(Dataset items)
········
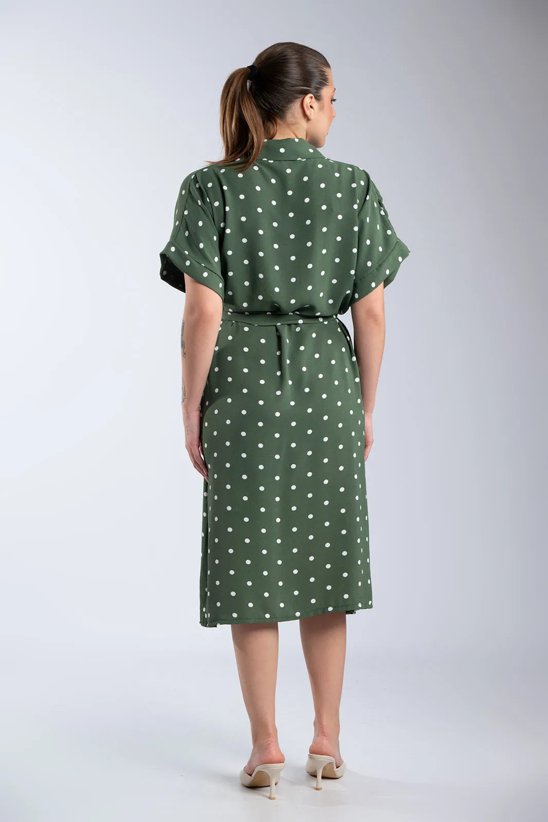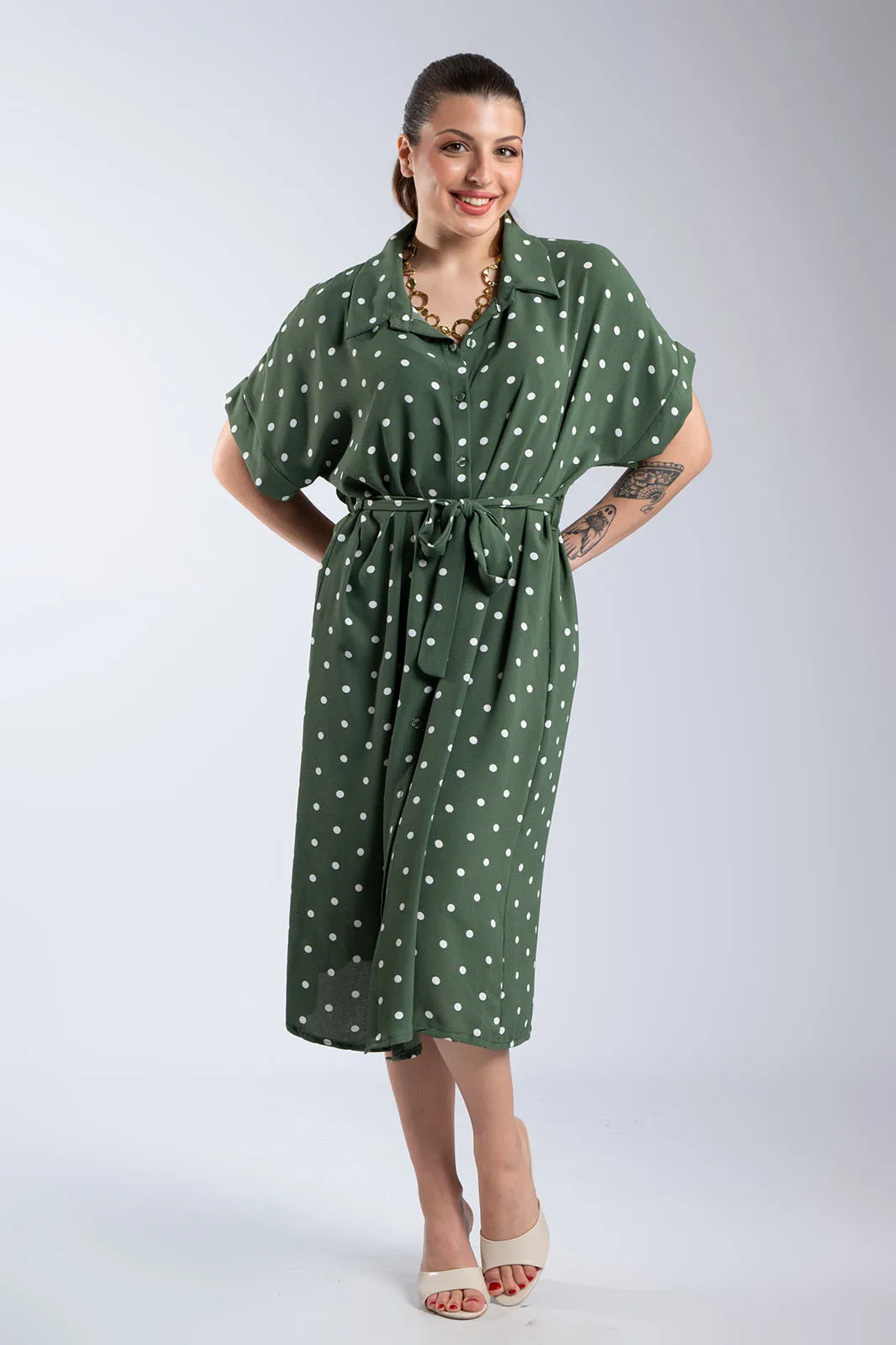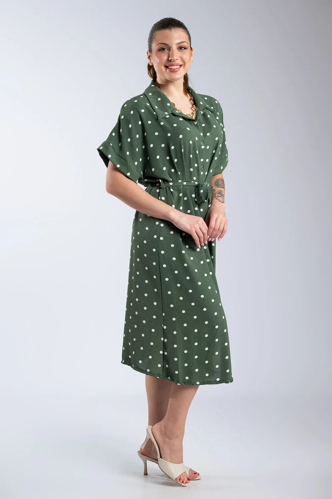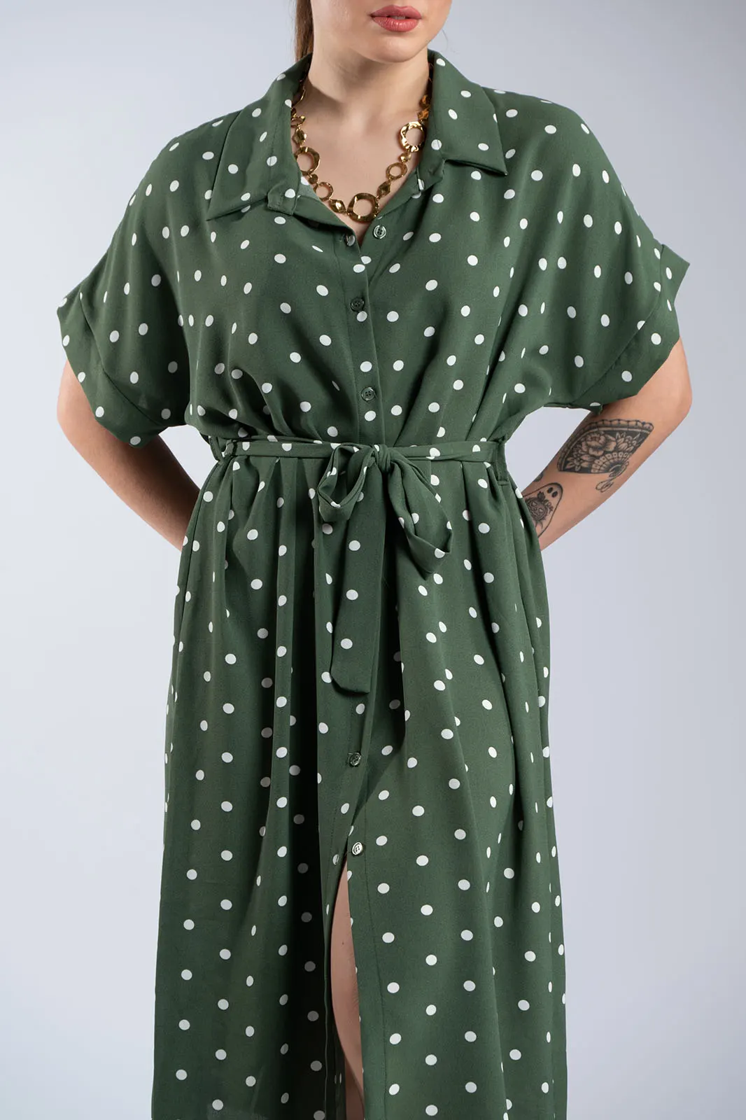 Αέρινο φόρεμα σεμιζιέ με διαχρονικό πουά σχέδιο, ιδανικό για κομψές και effortless εμφανίσεις. Διαθέτει γιακά και κουμπιά σε όλο το μήκος, προσφέροντας πρακτικότητα και στυλ. Η αποσπώμενη ζώνη στη μέση τονίζει τη σιλουέτα και σου δίνει τη δυνατότητα να προσαρμόσεις την εφαρμογή όπως επιθυμείς. Τα κοντά μανίκια και η άνετη γραμμή το καθιστούν ιδανική επιλογή για καθημερινές αλλά και πιο προσεγμένες εμφανίσεις.
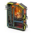 В качестве топлива может использоваться уголь, дрова, топливные брикеты. В конструкции котла также предусмотрена возможность установки пеллетной или газовой горелок.
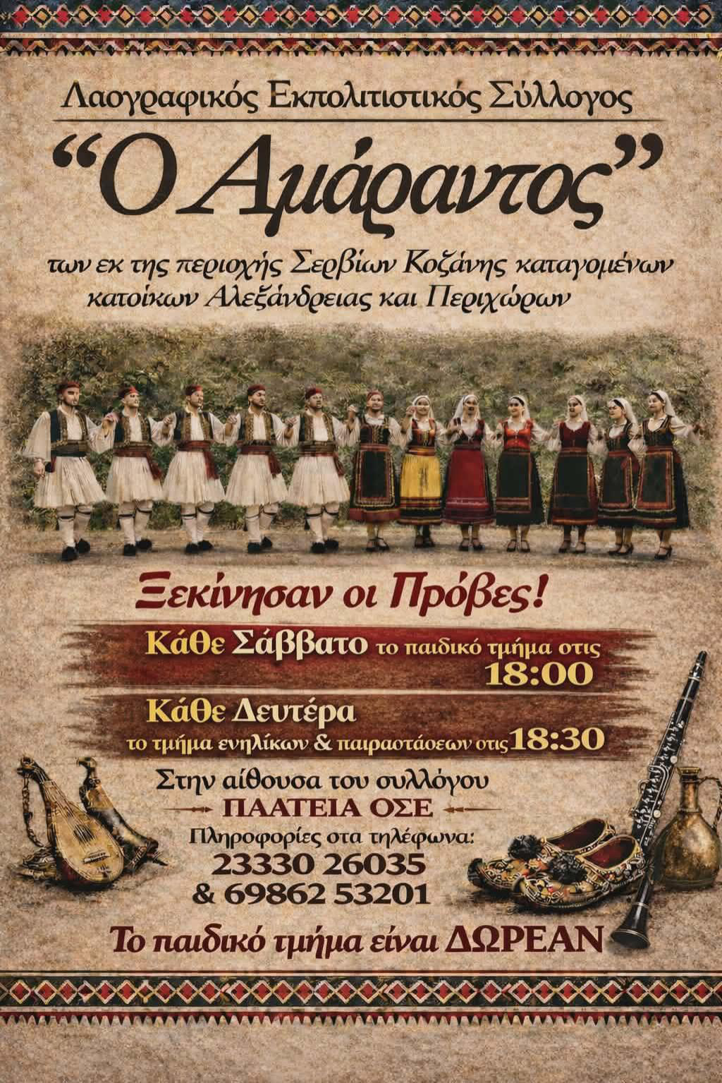 Ο Λαογραφικός Εκπολιτιστικός Σύλλογος «Ο Αμάραντος», ανακοίνωσε την έναρξη των προβών των χορευτικών του τμημάτων, δίνοντας νέα πνοή στη διατήρηση και τη διάδοση της παράδοσης.
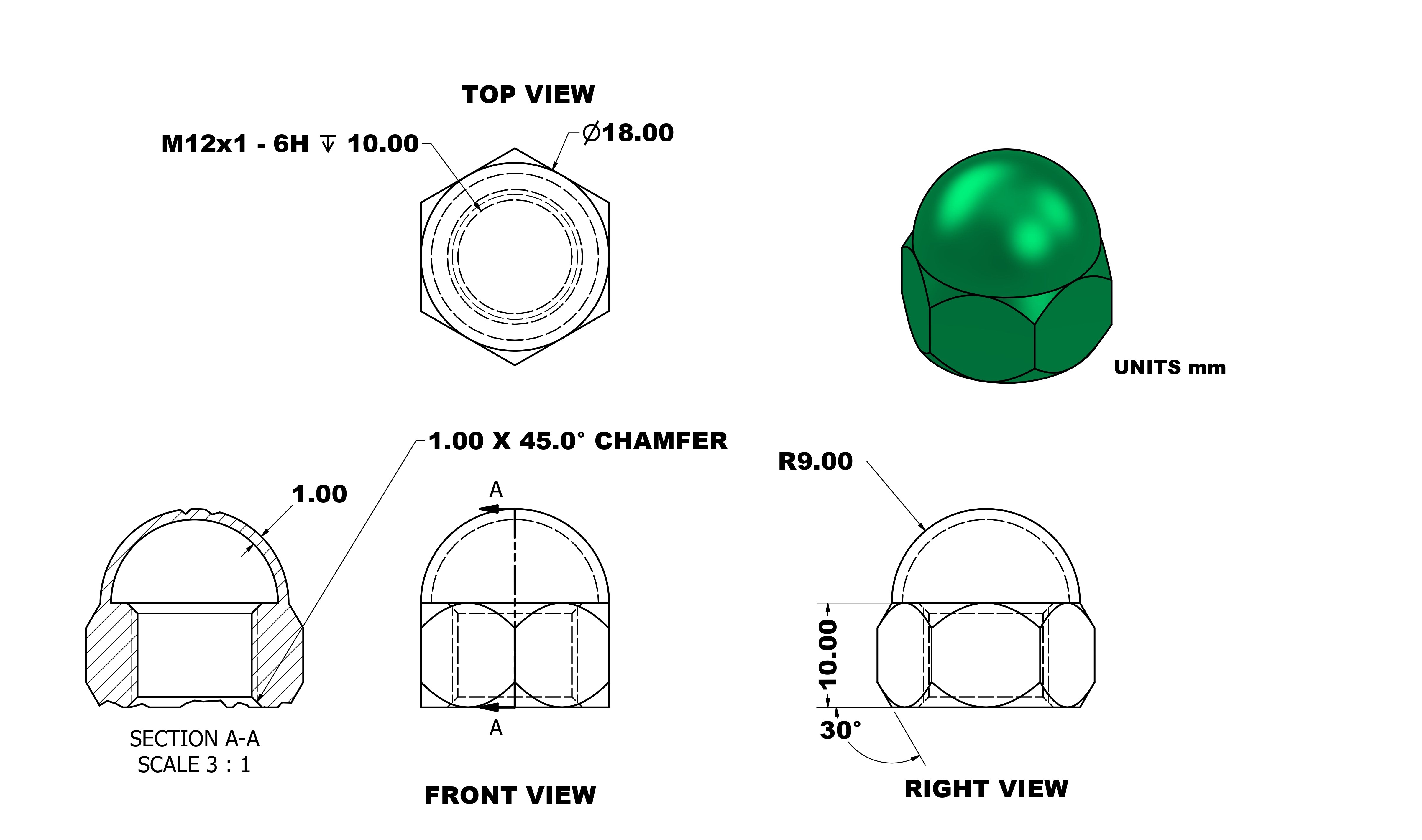 3D CAD 基础练习_ 板栗螺母螺栓_ 球形螺母_ Autodesk Inventor Pro(ID:2722197)
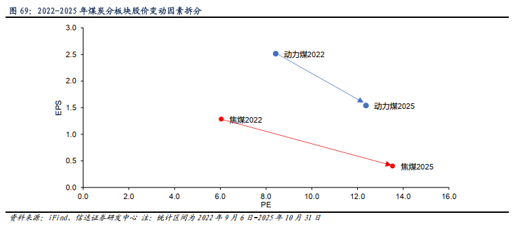 煤炭板块自2022年9月起呈现回调态势,炼焦煤、动力煤EPS均有所下滑,其中炼焦煤降幅最大为69%,动力煤降幅为39%,体现了焦煤较高的业绩弹性。受业绩下行幅度大于股价影响,焦煤、动力煤板块估值有所被动抬升,其中焦煤板块抬升最大为124%,动力煤板块抬升47%。
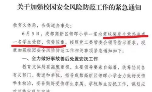 6月6日網(wǎng)傳成都高新區(qū)錦暉小學一位小學生被室內(nèi)籃球架砸傷,傷勢比較嚴重,這件事情引起了人們的關注。在當天下午成都市有多個部門對記者的采訪表示了回應,稱此事正在調查當中。
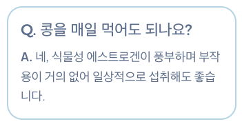 A. 네, 콩은 식물성 에스트로겐이 풍부하며 부작용이 거의 없어 일상적으로 섭취해도 좋습니다.
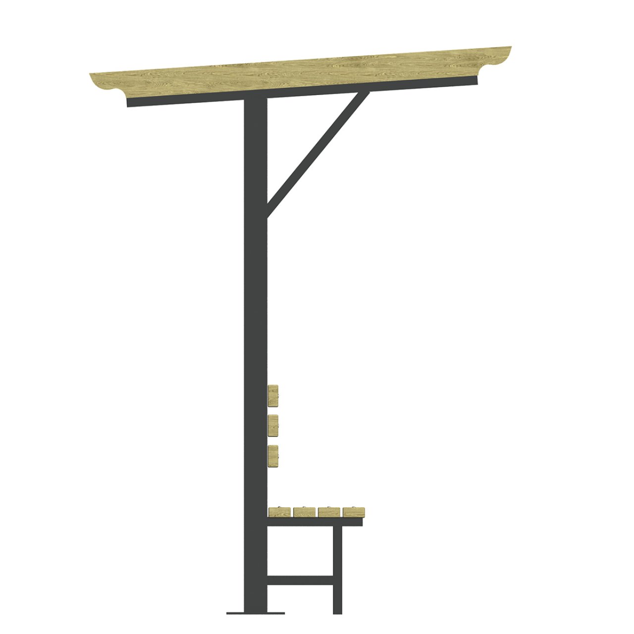 Standart dört ayaklı kamelyaların sığmadığı dar kaldırımlar veya koridorlar için en ideal çözümdür. Arkadaki güçlü metal direklere entegre edilmiş sırtlıklı ahşap bank, yapının bir parçasıdır; bu sayede rüzgarda uçma veya yerinden oynama riski yoktur. Metal iskeletin siyah rengi ile ahşap çatı latalarının doğal uyumu, endüstriyel ve modern bir görünüm sunar. Kurumsal sigara içme alanları veya otobüs durakları için prestijli bir tercihtir.
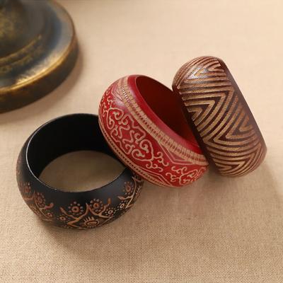 Retro Chinese Style Bracelet Wide Ethnic Style Bangle Carving Wooden Bangle Wrist Bracelets
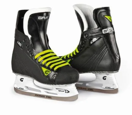 Любительская модель Graf 135 S. Конструкция боковин со специальными ребрами жесткости - обеспечивает высокую жесткость ботинка и защиту от попаданий шайбы. Внутренняя, стойкая к истиранию, отделка ботинка. Усиленный и стойкий к излому задник ботинка. Пластиковая подошва. Стакан Graf Attack Seven 77. Гарантия 30 дней.
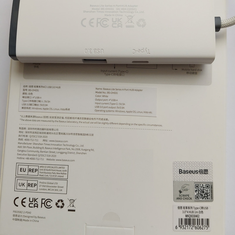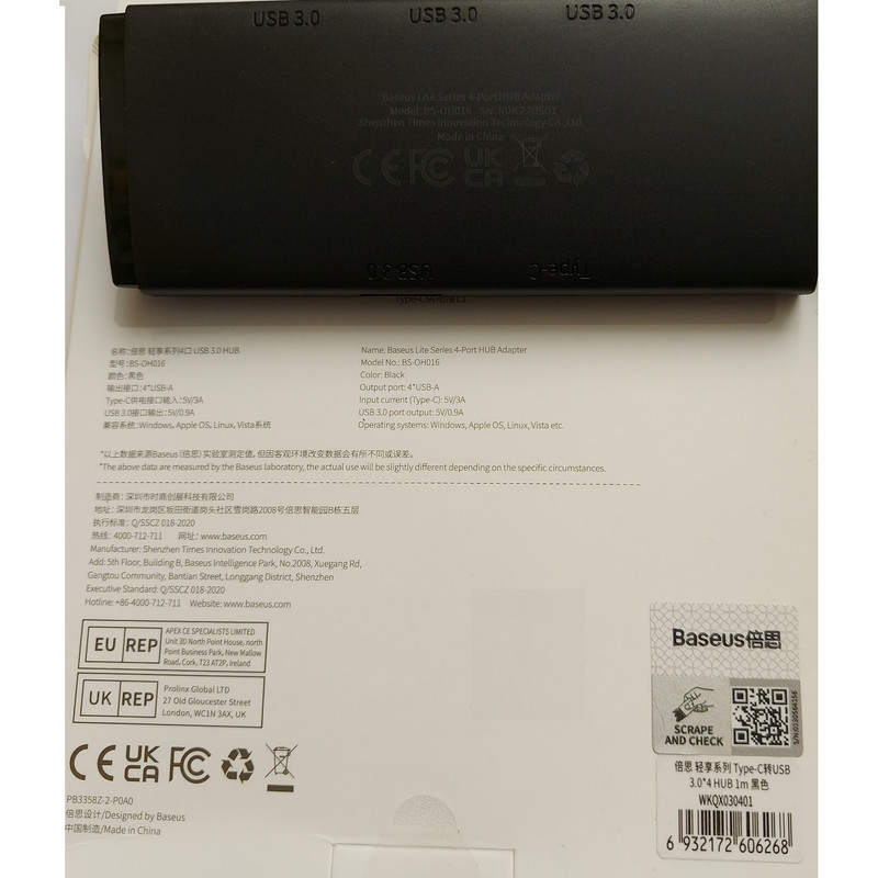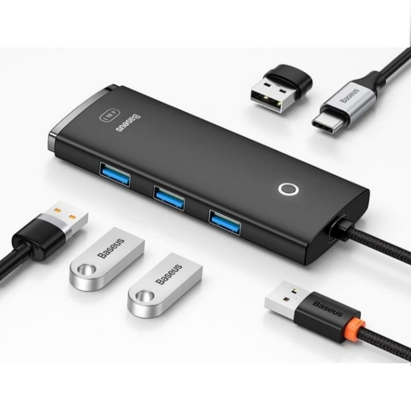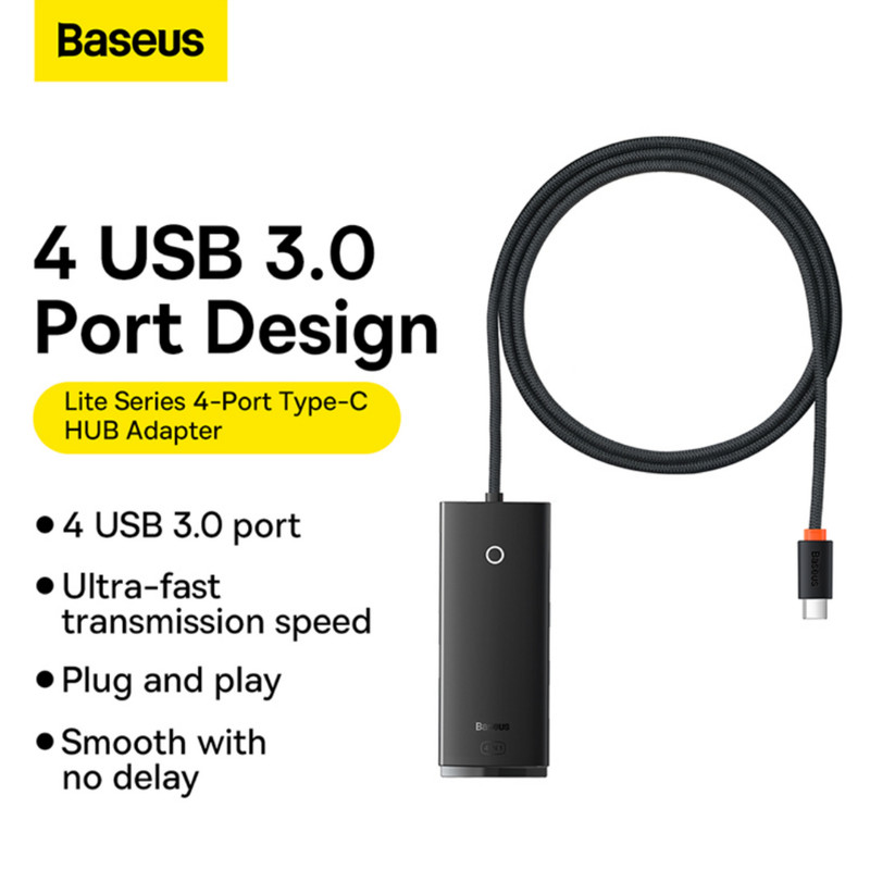 هاب 4 پورت بیسوس Baseus Lite Series WKQX03040 دارای 4 پورت USB 3.0 است که با ورودی Type-C به سیستم وصل میشود. این هاب در دو رنگ مشکی با کد جعبه WKQX030401 و کد محصول BS-OH016 و رنگ سفید با کد جعبه WKQX030402 و کد محصول BS-OH031 با کابل 1 متری تایپ سی متصل به دستگاه تولید شده است.
········
**What to do**
In your copy of the records above, include no pictures and match every line exactly.

**Exercise solution**
 Αέρινο φόρεμα σεμιζιέ με διαχρονικό πουά σχέδιο, ιδανικό για κομψές και effortless εμφανίσεις. Διαθέτει γιακά και κουμπιά σε όλο το μήκος, προσφέροντας πρακτικότητα και στυλ. Η αποσπώμενη ζώνη στη μέση τονίζει τη σιλουέτα και σου δίνει τη δυνατότητα να προσαρμόσεις την εφαρμογή όπως επιθυμείς. Τα κοντά μανίκια και η άνετη γραμμή το καθιστούν ιδανική επιλογή για καθημερινές αλλά και πιο προσεγμένες εμφανίσεις.
 В качестве топлива может использоваться уголь, дрова, топливные брикеты. В конструкции котла также предусмотрена возможность установки пеллетной или газовой горелок.
 Ο Λαογραφικός Εκπολιτιστικός Σύλλογος «Ο Αμάραντος», ανακοίνωσε την έναρξη των προβών των χορευτικών του τμημάτων, δίνοντας νέα πνοή στη διατήρηση και τη διάδοση της παράδοσης.
 3D CAD 基础练习_ 板栗螺母螺栓_ 球形螺母_ Autodesk Inventor Pro(ID:2722197)
 煤炭板块自2022年9月起呈现回调态势,炼焦煤、动力煤EPS均有所下滑,其中炼焦煤降幅最大为69%,动力煤降幅为39%,体现了焦煤较高的业绩弹性。受业绩下行幅度大于股价影响,焦煤、动力煤板块估值有所被动抬升,其中焦煤板块抬升最大为124%,动力煤板块抬升47%。
 6月6日網(wǎng)傳成都高新區(qū)錦暉小學一位小學生被室內(nèi)籃球架砸傷,傷勢比較嚴重,這件事情引起了人們的關注。在當天下午成都市有多個部門對記者的采訪表示了回應,稱此事正在調查當中。
 A. 네, 콩은 식물성 에스트로겐이 풍부하며 부작용이 거의 없어 일상적으로 섭취해도 좋습니다.
 Standart dört ayaklı kamelyaların sığmadığı dar kaldırımlar veya koridorlar için en ideal çözümdür. Arkadaki güçlü metal direklere entegre edilmiş sırtlıklı ahşap bank, yapının bir parçasıdır; bu sayede rüzgarda uçma veya yerinden oynama riski yoktur. Metal iskeletin siyah rengi ile ahşap çatı latalarının doğal uyumu, endüstriyel ve modern bir görünüm sunar. Kurumsal sigara içme alanları veya otobüs durakları için prestijli bir tercihtir.
 Retro Chinese Style Bracelet Wide Ethnic Style Bangle Carving Wooden Bangle Wrist Bracelets
 Любительская модель Graf 135 S. Конструкция боковин со специальными ребрами жесткости - обеспечивает высокую жесткость ботинка и защиту от попаданий шайбы. Внутренняя, стойкая к истиранию, отделка ботинка. Усиленный и стойкий к излому задник ботинка. Пластиковая подошва. Стакан Graf Attack Seven 77. Гарантия 30 дней.
 هاب 4 پورت بیسوس Baseus Lite Series WKQX03040 دارای 4 پورت USB 3.0 است که با ورودی Type-C به سیستم وصل میشود. این هاب در دو رنگ مشکی با کد جعبه WKQX030401 و کد محصول BS-OH016 و رنگ سفید با کد جعبه WKQX030402 و کد محصول BS-OH031 با کابل 1 متری تایپ سی متصل به دستگاه تولید شده است.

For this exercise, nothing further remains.